### Aim of the task
Once the line containing "Make your Arkansas" is found in the material below, it and every line after it should be transcribed exactly, with pictures left out and nothing added.

### Available records
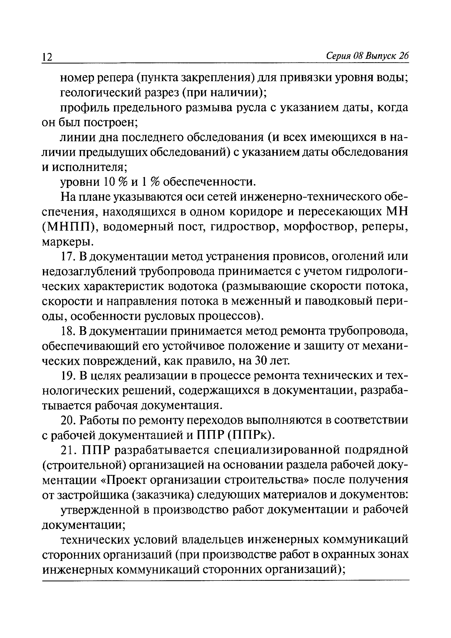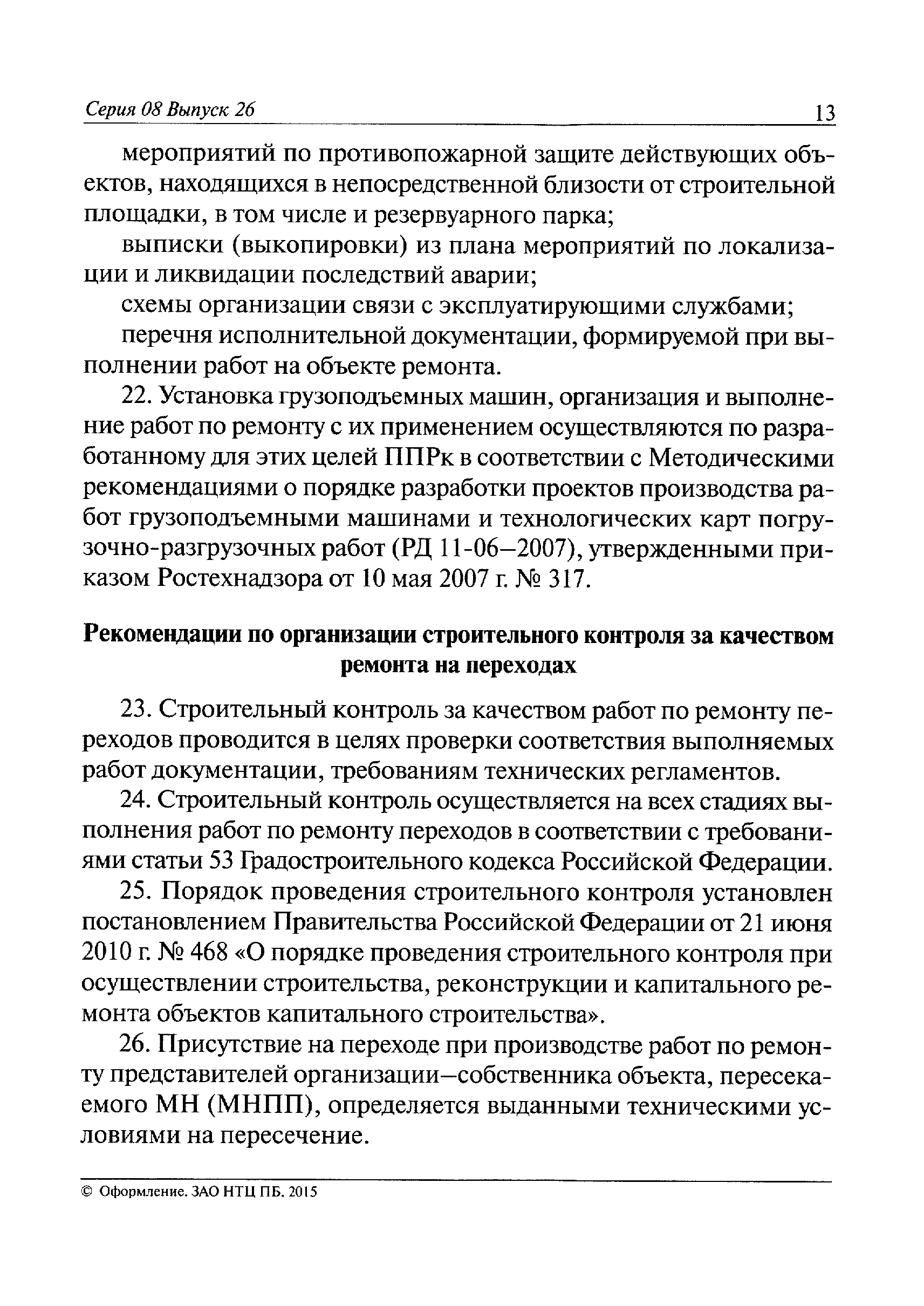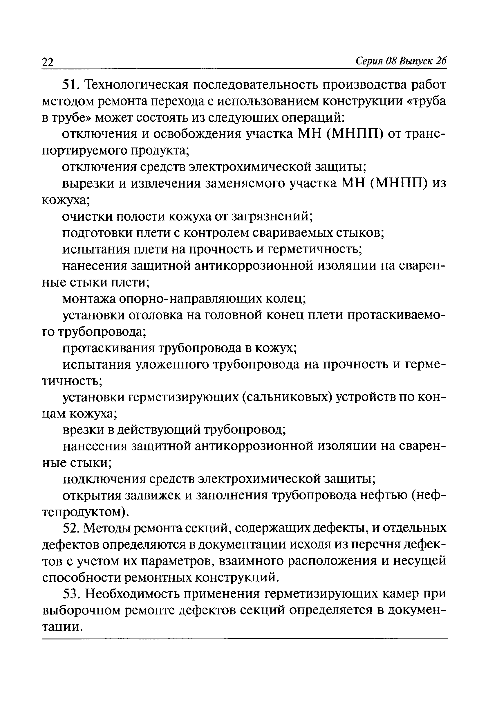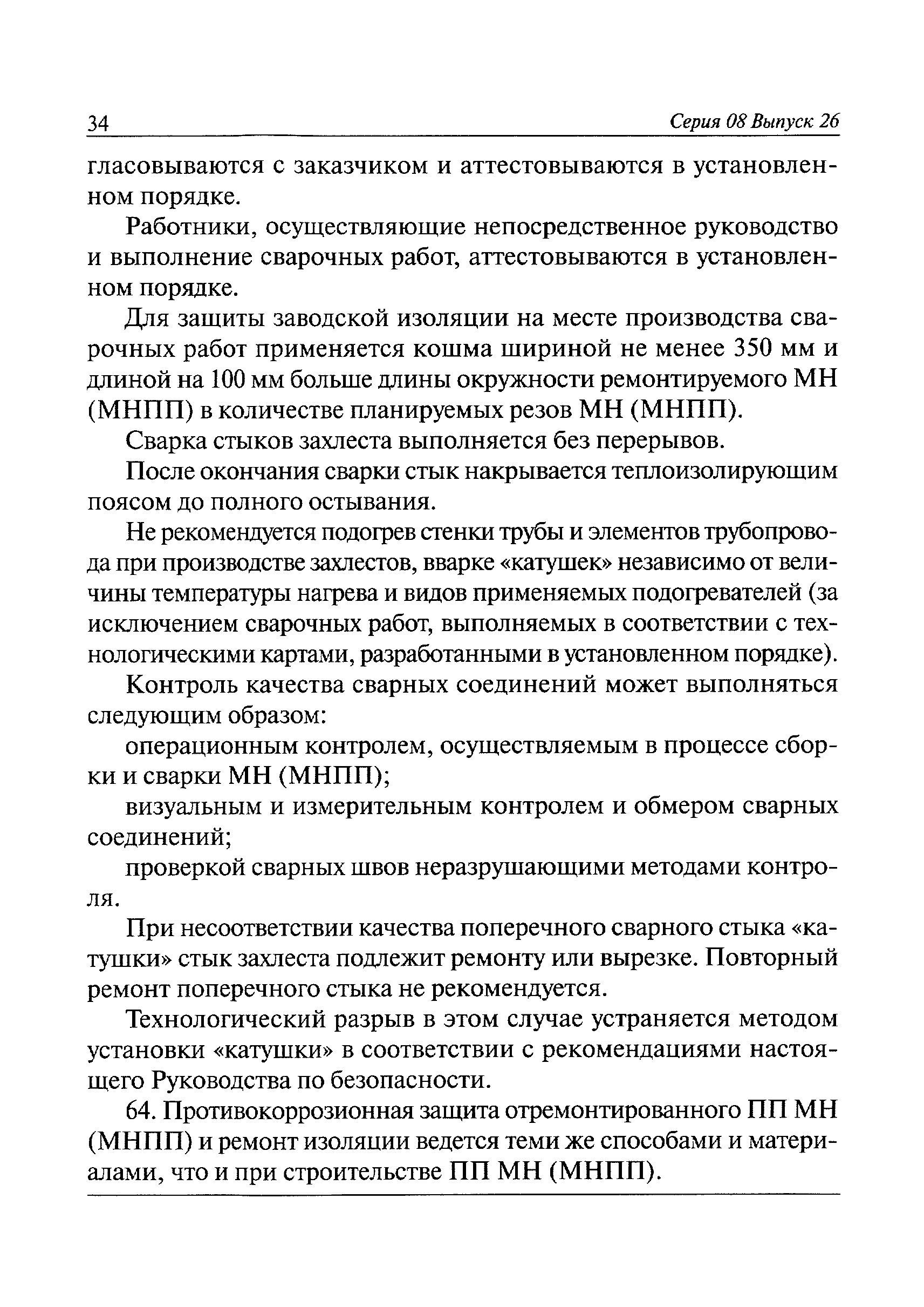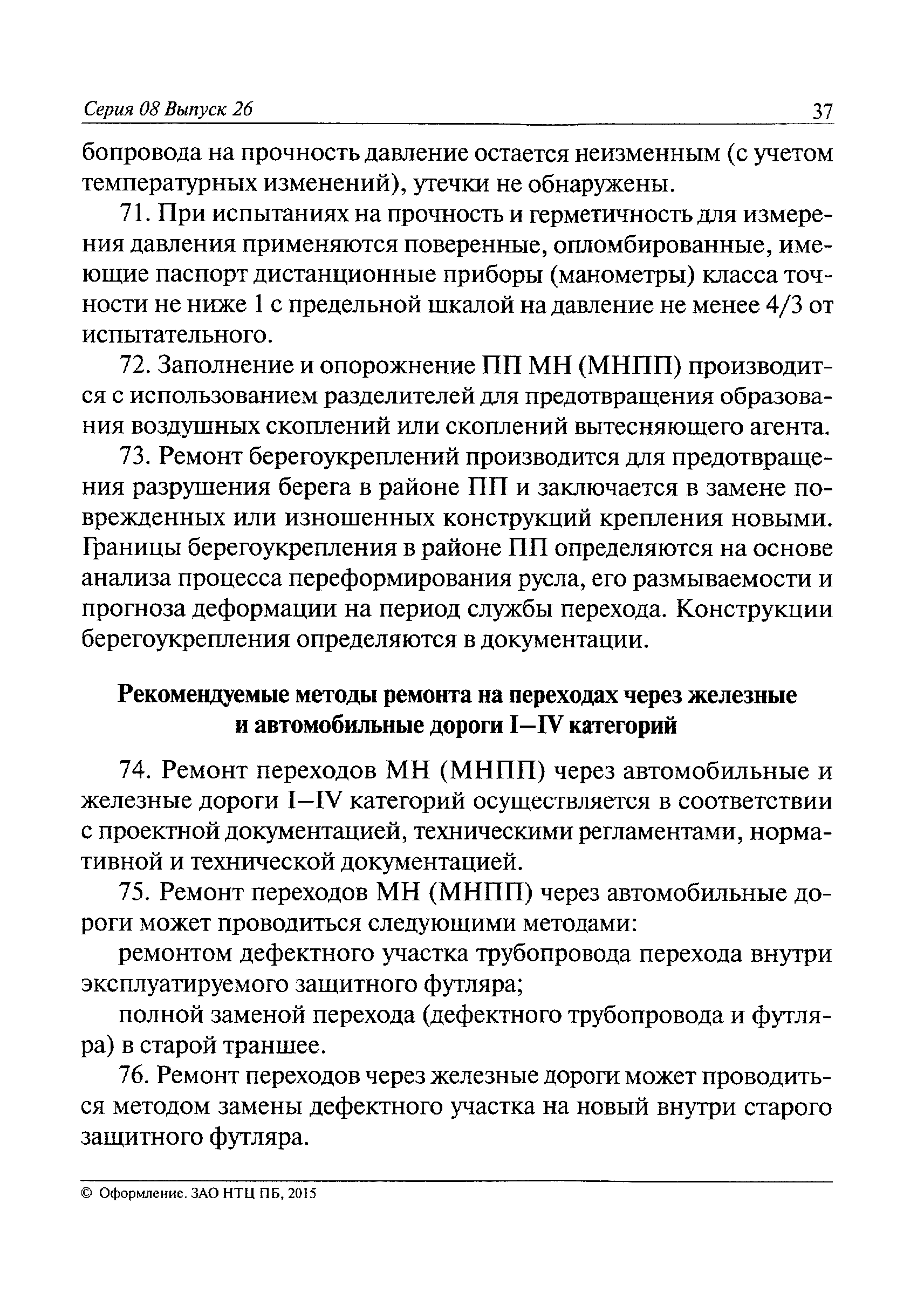 Скачать Руководство по безопасности Рекомендации по ремонту магистральных нефтепроводов и нефтепродуктопроводов на переходах через водные преграды, железные и автомобильные дороги I - IV категорийДата актуализации: 01.01.2021
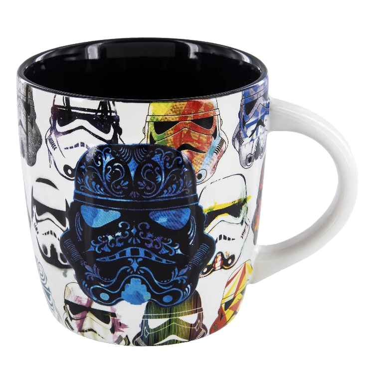 Feel the Force when you use this Coffee Mug featuring iconic stormtrooper helmets plussed out with various colors and designs.
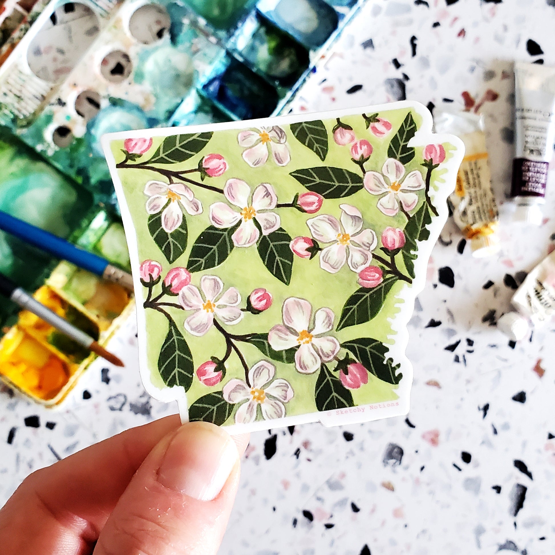 Make your Arkansas pride blossom with this delightful Apple Blossom Sticker! Featuring a watercolor-style illustration of the Arkansas state flower, this waterproof vinyl sticker adds a splash of sunny color to your laptop, water bottle, or anywhere else you want to show your pride. Get one today and show your love of the Natural State!
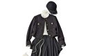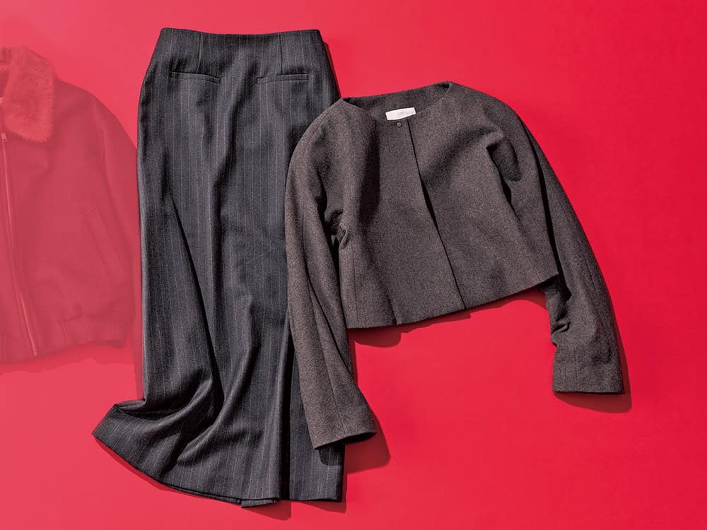 〈右から〉肩のラインをなぞるようにカーブを描く洗練フォルム。ジャケット¥56,100バックスリットの入ったウールマキシスカート。スカート¥34,100(ともにアモーメント)
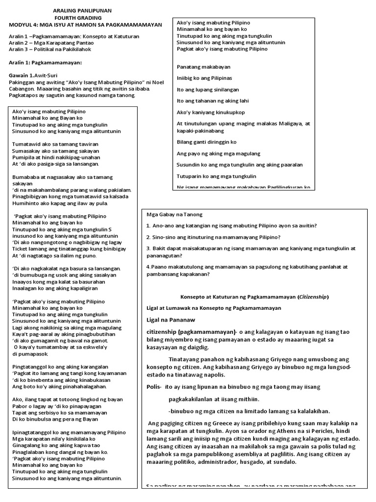 Katagingian ng mabuting pamahalaan grade 4 araling panlipunan. 0 Save Share Copy and Edit Edit. Ap 4 lm q1. Maari siyang hindi pumasok araw-araw dahil.
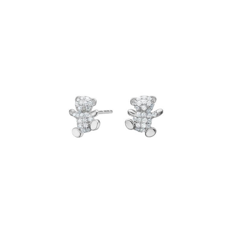 Søde små børneørestikker i sølv formet som bamser prydet med funklende klare zirkonia-sten.
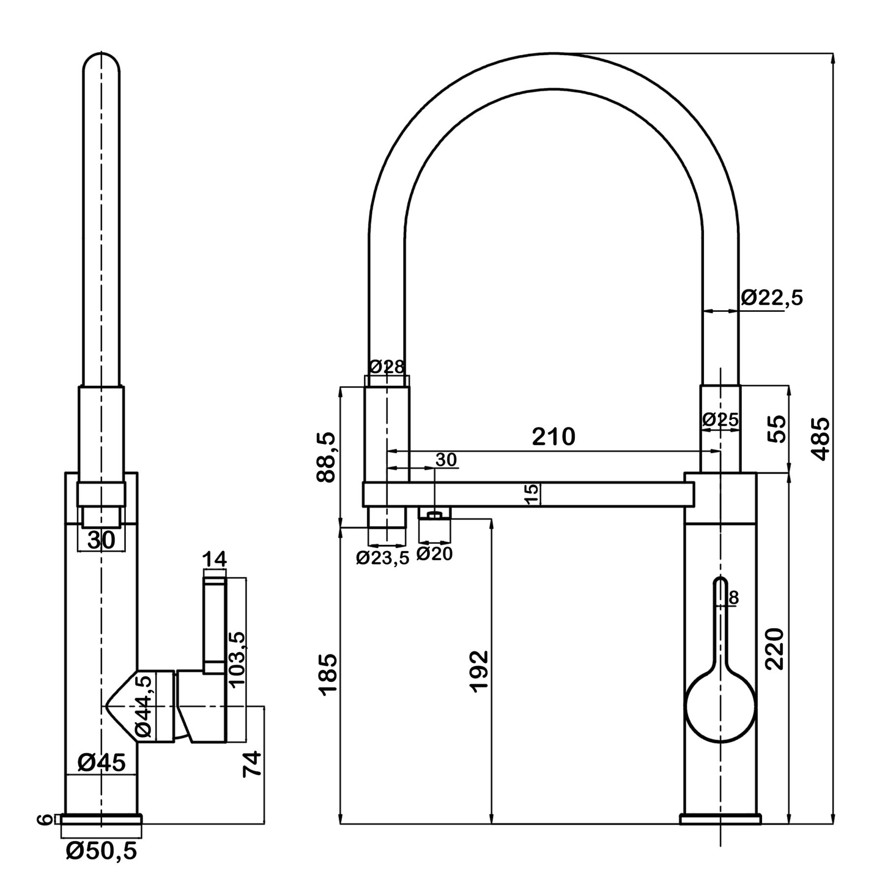 Высота смесителя:48.5
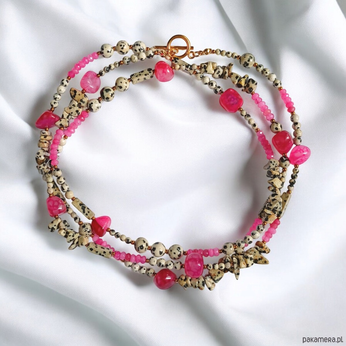 UNIKATOWY sznur kamieni 120cm : naszyjnik : jaspis i róż
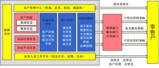 煙草行業(yè)的CRM項(xiàng)目是建立在煙草行業(yè)獨(dú)特的業(yè)務(wù)流程和特點(diǎn)之上的。在煙草行業(yè),CRM系統(tǒng)往往并不是作為一個獨(dú)立的系統(tǒng)存在,而是要與營銷系統(tǒng)、專賣系統(tǒng)等緊密聯(lián)系,形成相互共享資源的一個整體。因此,煙草行業(yè)CRM業(yè)務(wù)模型(如圖)要根據(jù)企業(yè)的經(jīng)營目標(biāo)、任務(wù)、市場管理的工作需要,為營銷、服務(wù)和專賣等部門制定營銷策略、服務(wù)策略和管控策略。
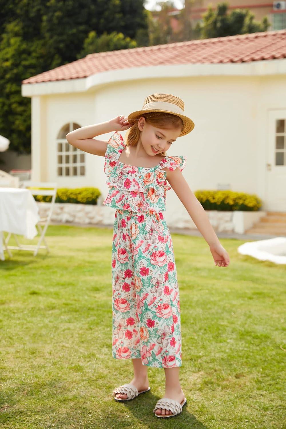 Get up to 70% off on GRACE KARIN Girls Floral Jumpsuit Flutter Sleeve Square Neck Wide Leg Rompers(White) styles during our end-of-season clearance event.
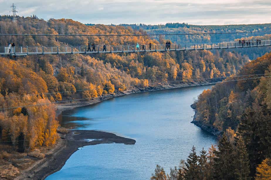 Deze hangbrug in het Harzgebergte is 483 meter lang
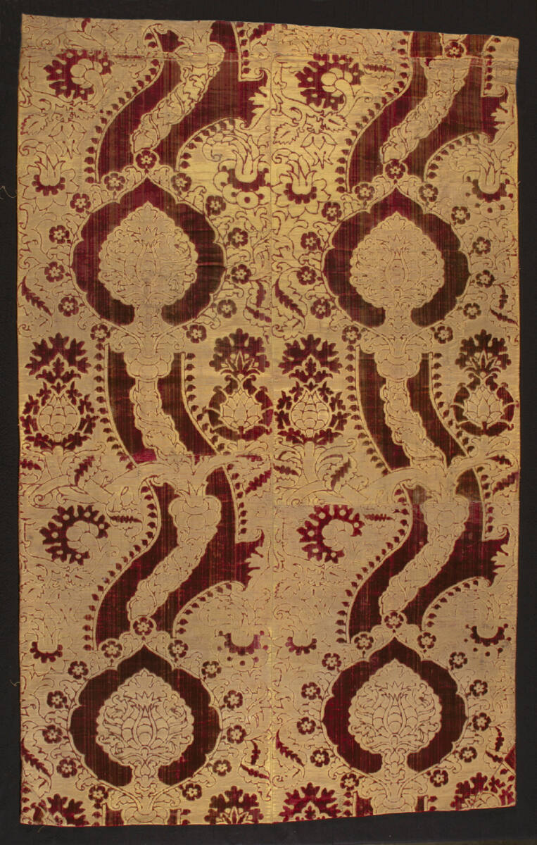 DescriptionRed silk pile on a background originally of metal thread and yellow silk. All the metal thread is missing. The panel has been put together from two selvedge widths of velvet, but the component pieces are patched and joined in places.Gallery LabelThis large panel is an example of the bold floral patterning typical of Renaissance velvets. During this period of exploration and travel, trade expanded and Italy and Spain emerged as major centers of textile production. This panel displays one of the widely used, standardized patterns with large, red, ogee arches (opposed curved arcs) that envelope pomegranates, connected by thick serpentine stems across a flat cream background. The dominant motifs are supported by interlacing vegetation and abstract floral elements.

### Written response
 Make your Arkansas pride blossom with this delightful Apple Blossom Sticker! Featuring a watercolor-style illustration of the Arkansas state flower, this waterproof vinyl sticker adds a splash of sunny color to your laptop, water bottle, or anywhere else you want to show your pride. Get one today and show your love of the Natural State!
 〈右から〉肩のラインをなぞるようにカーブを描く洗練フォルム。ジャケット¥56,100バックスリットの入ったウールマキシスカート。スカート¥34,100(ともにアモーメント)
 Katagingian ng mabuting pamahalaan grade 4 araling panlipunan. 0 Save Share Copy and Edit Edit. Ap 4 lm q1. Maari siyang hindi pumasok araw-araw dahil.
 Søde små børneørestikker i sølv formet som bamser prydet med funklende klare zirkonia-sten.
 Высота смесителя:48.5
 UNIKATOWY sznur kamieni 120cm : naszyjnik : jaspis i róż
 煙草行業(yè)的CRM項(xiàng)目是建立在煙草行業(yè)獨(dú)特的業(yè)務(wù)流程和特點(diǎn)之上的。在煙草行業(yè),CRM系統(tǒng)往往并不是作為一個獨(dú)立的系統(tǒng)存在,而是要與營銷系統(tǒng)、專賣系統(tǒng)等緊密聯(lián)系,形成相互共享資源的一個整體。因此,煙草行業(yè)CRM業(yè)務(wù)模型(如圖)要根據(jù)企業(yè)的經(jīng)營目標(biāo)、任務(wù)、市場管理的工作需要,為營銷、服務(wù)和專賣等部門制定營銷策略、服務(wù)策略和管控策略。
 Get up to 70% off on GRACE KARIN Girls Floral Jumpsuit Flutter Sleeve Square Neck Wide Leg Rompers(White) styles during our end-of-season clearance event.
 Deze hangbrug in het Harzgebergte is 483 meter lang
 DescriptionRed silk pile on a background originally of metal thread and yellow silk. All the metal thread is missing. The panel has been put together from two selvedge widths of velvet, but the component pieces are patched and joined in places.Gallery LabelThis large panel is an example of the bold floral patterning typical of Renaissance velvets. During this period of exploration and travel, trade expanded and Italy and Spain emerged as major centers of textile production. This panel displays one of the widely used, standardized patterns with large, red, ogee arches (opposed curved arcs) that envelope pomegranates, connected by thick serpentine stems across a flat cream background. The dominant motifs are supported by interlacing vegetation and abstract floral elements.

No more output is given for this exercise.